— Data to examine —
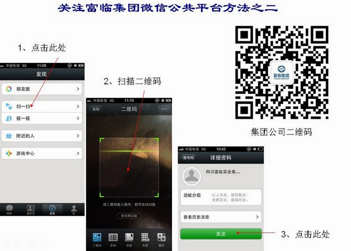 顺应读图时代,引领信息潮流。富临集团微信公共平台已正式开通,敬请各界人士关注(操作方法见附图)。该平台将成为集团公司员工分享集团公司重要信息、重要新闻的又一新兴途径。
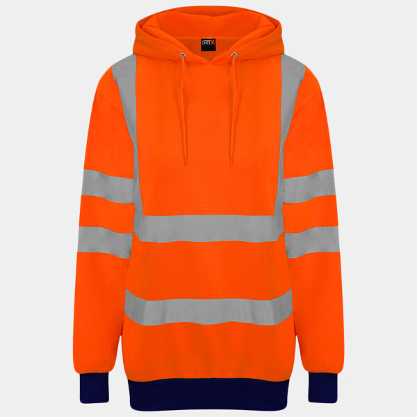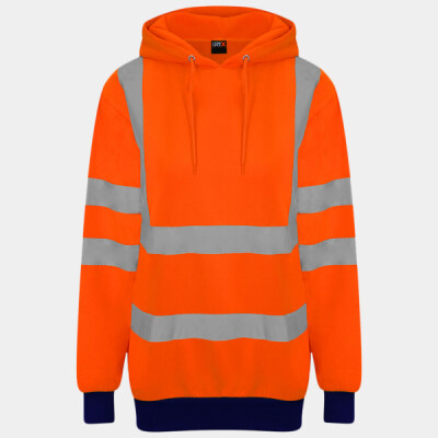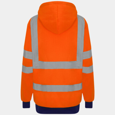 Certified EN ISO 20471:2013+A1:2016. RIS-3279-TOM ISSUE 1:2016 (Orange only). HV Orange/Navy & HV Yellow/Navy - Class 3. Double fabric hood with adjustable drawcords. Ribbed contrast colour cuff and hem. Inner fabric brushed fleece. Over shoulder, around arm and body reflective tape.
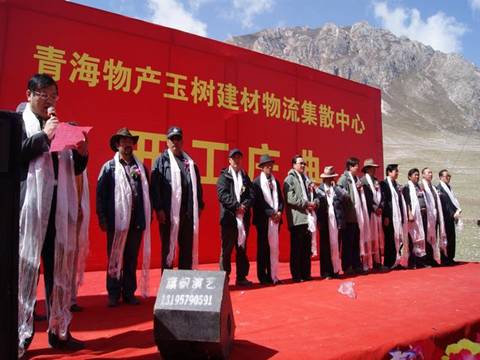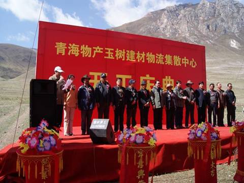 省玉樹地震災(zāi)后重建現(xiàn)場指揮部指揮長、副省長馬順清宣布建材物流集散中心正式開工并講話。省政府副秘書長巨偉、省經(jīng)委、省城鄉(xiāng)住房建設(shè)廳、西寧市政府、玉樹州政府相關(guān)部門、玉樹縣有關(guān)負(fù)責(zé)同志,省物產(chǎn)集團總經(jīng)理王玉輝、黨委書記白家林、副總經(jīng)理物產(chǎn)化工公司董事長耿保平等參加了開工儀式。
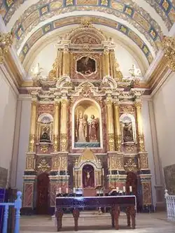 Destacan los altares realizados en madera (son los de Cristo, Sagrado Corazón y de la Inmaculada Concepción), así como la mesa del Altar Mayor (hecha de marquetería y patas de nogal tallado). Estos fueron realizados por el artesano local Antonio Corella, conocido como "tío Ronchingue", durante la última posguerra, pues los originales barrocos -incluido el Retablo Mayor- fueron destruidos en 1936.
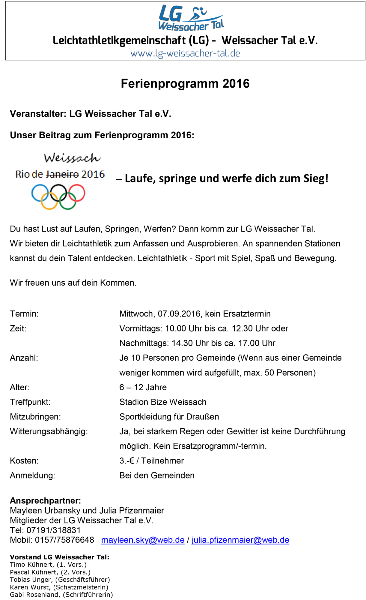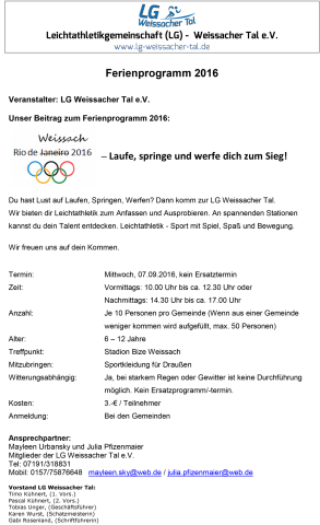 am Mittwoch, den 07.09.2016 findet wieder unser alljährliches Kinderferienprogramm statt. Motto passend zu den Olympischen Spielen: "Rio de Weissach 2016 - Laufe, Springe und Werfe dich zum Sieg!".
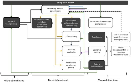 AMR policy protagonists consider multiple variables in their policy advocacy and implementation process. The main themes identified are indicated in black boxes. Solid arrows depict how variables are opined to have facilitated advocacy and/implementation. Dashed arrows depict deterrents in policy development. Yellow arrows depict political, green depict cultural, purple depict economic, and blue depict social characteristics. Micro-, meso-, and macro-determinants are bracketed.

— Exercise directions —
Leaving out the pictures, return the records exactly as given.

— Answer area —
 顺应读图时代,引领信息潮流。富临集团微信公共平台已正式开通,敬请各界人士关注(操作方法见附图)。该平台将成为集团公司员工分享集团公司重要信息、重要新闻的又一新兴途径。
 Certified EN ISO 20471:2013+A1:2016. RIS-3279-TOM ISSUE 1:2016 (Orange only). HV Orange/Navy & HV Yellow/Navy - Class 3. Double fabric hood with adjustable drawcords. Ribbed contrast colour cuff and hem. Inner fabric brushed fleece. Over shoulder, around arm and body reflective tape.
 省玉樹地震災(zāi)后重建現(xiàn)場指揮部指揮長、副省長馬順清宣布建材物流集散中心正式開工并講話。省政府副秘書長巨偉、省經(jīng)委、省城鄉(xiāng)住房建設(shè)廳、西寧市政府、玉樹州政府相關(guān)部門、玉樹縣有關(guān)負(fù)責(zé)同志,省物產(chǎn)集團總經(jīng)理王玉輝、黨委書記白家林、副總經(jīng)理物產(chǎn)化工公司董事長耿保平等參加了開工儀式。
 Destacan los altares realizados en madera (son los de Cristo, Sagrado Corazón y de la Inmaculada Concepción), así como la mesa del Altar Mayor (hecha de marquetería y patas de nogal tallado). Estos fueron realizados por el artesano local Antonio Corella, conocido como "tío Ronchingue", durante la última posguerra, pues los originales barrocos -incluido el Retablo Mayor- fueron destruidos en 1936.
 am Mittwoch, den 07.09.2016 findet wieder unser alljährliches Kinderferienprogramm statt. Motto passend zu den Olympischen Spielen: "Rio de Weissach 2016 - Laufe, Springe und Werfe dich zum Sieg!".
 AMR policy protagonists consider multiple variables in their policy advocacy and implementation process. The main themes identified are indicated in black boxes. Solid arrows depict how variables are opined to have facilitated advocacy and/implementation. Dashed arrows depict deterrents in policy development. Yellow arrows depict political, green depict cultural, purple depict economic, and blue depict social characteristics. Micro-, meso-, and macro-determinants are bracketed.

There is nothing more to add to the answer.